## [ASSIGNED TASK]
Take the lines below beginning at the line that has "-THIS SLIGHTLY A-LINE" and stopping after the line that has "70 Feuerwehrleute aus", and print them exactly as they are, with no other lines.

## [EXTRACTED INFORMATION]
=== Begin Enclosure ===

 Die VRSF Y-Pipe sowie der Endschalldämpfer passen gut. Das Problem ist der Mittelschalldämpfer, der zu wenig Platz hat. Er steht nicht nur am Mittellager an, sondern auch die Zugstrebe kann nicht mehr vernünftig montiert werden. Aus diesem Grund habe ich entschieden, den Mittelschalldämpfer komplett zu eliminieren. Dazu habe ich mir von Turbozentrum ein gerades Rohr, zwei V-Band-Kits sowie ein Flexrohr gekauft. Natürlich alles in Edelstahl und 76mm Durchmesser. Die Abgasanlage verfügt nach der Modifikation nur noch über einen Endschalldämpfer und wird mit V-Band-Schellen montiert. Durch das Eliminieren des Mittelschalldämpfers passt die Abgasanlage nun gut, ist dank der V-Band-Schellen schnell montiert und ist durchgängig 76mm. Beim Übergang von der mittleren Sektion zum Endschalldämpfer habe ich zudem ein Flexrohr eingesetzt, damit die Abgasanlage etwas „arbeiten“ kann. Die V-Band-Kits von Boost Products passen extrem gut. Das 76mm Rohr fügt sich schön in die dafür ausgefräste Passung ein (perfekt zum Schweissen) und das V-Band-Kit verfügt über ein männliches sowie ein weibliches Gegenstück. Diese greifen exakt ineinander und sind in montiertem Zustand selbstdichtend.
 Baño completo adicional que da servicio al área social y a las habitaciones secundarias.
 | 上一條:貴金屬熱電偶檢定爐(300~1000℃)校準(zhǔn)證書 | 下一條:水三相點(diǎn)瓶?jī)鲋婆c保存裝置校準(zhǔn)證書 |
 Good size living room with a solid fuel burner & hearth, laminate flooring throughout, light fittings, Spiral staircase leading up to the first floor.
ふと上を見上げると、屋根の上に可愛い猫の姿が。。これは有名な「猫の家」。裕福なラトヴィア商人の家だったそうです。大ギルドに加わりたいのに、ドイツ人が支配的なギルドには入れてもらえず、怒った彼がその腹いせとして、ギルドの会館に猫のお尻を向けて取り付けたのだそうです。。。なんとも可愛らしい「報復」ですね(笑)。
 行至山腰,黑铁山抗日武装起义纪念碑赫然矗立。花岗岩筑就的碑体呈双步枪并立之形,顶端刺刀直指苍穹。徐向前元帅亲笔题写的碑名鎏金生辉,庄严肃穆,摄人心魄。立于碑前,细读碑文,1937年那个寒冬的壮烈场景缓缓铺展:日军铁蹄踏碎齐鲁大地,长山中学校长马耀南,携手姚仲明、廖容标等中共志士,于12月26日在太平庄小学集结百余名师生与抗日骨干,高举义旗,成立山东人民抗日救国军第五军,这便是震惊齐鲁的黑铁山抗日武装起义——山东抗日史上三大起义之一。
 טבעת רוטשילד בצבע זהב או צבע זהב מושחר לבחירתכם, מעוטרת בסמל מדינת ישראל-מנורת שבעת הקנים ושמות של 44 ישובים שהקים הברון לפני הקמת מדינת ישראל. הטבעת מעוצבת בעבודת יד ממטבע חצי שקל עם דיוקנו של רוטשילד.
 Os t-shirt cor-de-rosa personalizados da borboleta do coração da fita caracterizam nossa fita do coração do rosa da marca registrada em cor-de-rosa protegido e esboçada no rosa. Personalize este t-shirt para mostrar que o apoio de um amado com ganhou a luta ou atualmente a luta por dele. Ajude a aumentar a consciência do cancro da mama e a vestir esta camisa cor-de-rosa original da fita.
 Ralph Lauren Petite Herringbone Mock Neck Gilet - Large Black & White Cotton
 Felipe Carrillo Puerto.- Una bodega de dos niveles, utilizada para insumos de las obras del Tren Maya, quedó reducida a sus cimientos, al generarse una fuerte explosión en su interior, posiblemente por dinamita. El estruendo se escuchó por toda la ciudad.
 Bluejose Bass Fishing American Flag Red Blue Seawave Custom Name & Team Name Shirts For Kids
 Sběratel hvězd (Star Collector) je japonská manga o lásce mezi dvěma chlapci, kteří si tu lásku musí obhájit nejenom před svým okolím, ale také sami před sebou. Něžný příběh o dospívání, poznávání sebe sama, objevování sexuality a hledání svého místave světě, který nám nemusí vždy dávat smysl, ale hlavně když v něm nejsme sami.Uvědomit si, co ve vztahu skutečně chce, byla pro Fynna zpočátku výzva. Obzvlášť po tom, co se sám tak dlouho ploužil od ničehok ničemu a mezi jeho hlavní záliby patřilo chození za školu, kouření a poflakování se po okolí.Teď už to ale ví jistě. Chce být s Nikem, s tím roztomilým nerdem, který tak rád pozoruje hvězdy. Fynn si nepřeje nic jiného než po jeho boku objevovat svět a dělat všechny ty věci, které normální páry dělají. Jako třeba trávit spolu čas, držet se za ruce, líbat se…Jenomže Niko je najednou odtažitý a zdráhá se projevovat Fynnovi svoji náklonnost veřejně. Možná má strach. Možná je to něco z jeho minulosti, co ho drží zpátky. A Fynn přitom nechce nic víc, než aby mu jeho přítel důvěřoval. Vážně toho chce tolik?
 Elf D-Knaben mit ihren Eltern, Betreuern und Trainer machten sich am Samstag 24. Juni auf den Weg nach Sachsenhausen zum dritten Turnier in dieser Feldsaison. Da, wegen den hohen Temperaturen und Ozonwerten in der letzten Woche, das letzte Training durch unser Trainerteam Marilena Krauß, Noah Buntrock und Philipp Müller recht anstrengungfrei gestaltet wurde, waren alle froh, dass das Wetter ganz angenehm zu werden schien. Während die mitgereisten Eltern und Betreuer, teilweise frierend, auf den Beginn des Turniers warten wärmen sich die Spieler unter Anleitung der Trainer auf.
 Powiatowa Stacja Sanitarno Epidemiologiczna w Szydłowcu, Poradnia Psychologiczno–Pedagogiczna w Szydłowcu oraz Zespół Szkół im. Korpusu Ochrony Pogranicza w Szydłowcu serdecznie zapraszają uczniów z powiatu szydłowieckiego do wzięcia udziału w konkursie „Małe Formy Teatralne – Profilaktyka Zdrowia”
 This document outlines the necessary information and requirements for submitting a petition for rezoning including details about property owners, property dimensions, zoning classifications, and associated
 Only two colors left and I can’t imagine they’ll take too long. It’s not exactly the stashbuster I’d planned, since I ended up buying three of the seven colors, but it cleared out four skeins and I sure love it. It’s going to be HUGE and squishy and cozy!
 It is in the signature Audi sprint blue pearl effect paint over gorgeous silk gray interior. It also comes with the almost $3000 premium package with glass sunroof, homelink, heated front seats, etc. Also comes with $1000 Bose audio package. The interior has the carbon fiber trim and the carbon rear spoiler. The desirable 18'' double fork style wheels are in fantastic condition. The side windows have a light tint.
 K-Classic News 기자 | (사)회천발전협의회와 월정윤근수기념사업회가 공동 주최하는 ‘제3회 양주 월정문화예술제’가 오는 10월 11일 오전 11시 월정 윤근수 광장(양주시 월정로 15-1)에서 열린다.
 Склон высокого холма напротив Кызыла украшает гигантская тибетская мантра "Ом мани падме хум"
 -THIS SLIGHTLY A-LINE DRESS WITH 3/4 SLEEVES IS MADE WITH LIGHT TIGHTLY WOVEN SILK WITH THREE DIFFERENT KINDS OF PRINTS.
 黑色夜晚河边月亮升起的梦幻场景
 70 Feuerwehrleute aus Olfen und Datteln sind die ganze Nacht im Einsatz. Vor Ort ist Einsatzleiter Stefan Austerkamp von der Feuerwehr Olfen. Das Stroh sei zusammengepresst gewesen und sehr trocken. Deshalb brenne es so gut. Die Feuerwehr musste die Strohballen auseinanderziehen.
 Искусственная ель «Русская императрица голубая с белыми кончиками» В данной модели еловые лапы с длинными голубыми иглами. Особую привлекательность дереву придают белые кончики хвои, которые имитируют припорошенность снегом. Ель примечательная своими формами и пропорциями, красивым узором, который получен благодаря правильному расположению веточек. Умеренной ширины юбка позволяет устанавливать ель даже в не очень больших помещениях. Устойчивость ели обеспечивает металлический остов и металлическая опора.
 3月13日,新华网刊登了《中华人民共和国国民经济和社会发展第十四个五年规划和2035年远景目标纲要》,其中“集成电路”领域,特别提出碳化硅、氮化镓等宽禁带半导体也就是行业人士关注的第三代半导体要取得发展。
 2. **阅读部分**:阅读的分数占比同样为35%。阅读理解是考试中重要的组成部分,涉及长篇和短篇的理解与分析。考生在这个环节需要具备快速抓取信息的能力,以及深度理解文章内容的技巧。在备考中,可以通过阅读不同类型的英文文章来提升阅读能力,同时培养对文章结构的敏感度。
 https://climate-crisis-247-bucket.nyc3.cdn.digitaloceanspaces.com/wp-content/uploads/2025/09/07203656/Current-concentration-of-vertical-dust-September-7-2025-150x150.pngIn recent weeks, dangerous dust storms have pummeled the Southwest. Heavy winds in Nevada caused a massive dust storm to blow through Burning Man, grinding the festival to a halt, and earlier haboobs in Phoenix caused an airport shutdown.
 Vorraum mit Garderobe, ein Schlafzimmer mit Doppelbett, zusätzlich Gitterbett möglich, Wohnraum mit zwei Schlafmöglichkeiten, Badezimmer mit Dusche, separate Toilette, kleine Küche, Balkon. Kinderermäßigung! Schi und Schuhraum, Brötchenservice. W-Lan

=== End Enclosure ===

## [ANSWER BOX]
 -THIS SLIGHTLY A-LINE DRESS WITH 3/4 SLEEVES IS MADE WITH LIGHT TIGHTLY WOVEN SILK WITH THREE DIFFERENT KINDS OF PRINTS.
 黑色夜晚河边月亮升起的梦幻场景
 70 Feuerwehrleute aus Olfen und Datteln sind die ganze Nacht im Einsatz. Vor Ort ist Einsatzleiter Stefan Austerkamp von der Feuerwehr Olfen. Das Stroh sei zusammengepresst gewesen und sehr trocken. Deshalb brenne es so gut. Die Feuerwehr musste die Strohballen auseinanderziehen.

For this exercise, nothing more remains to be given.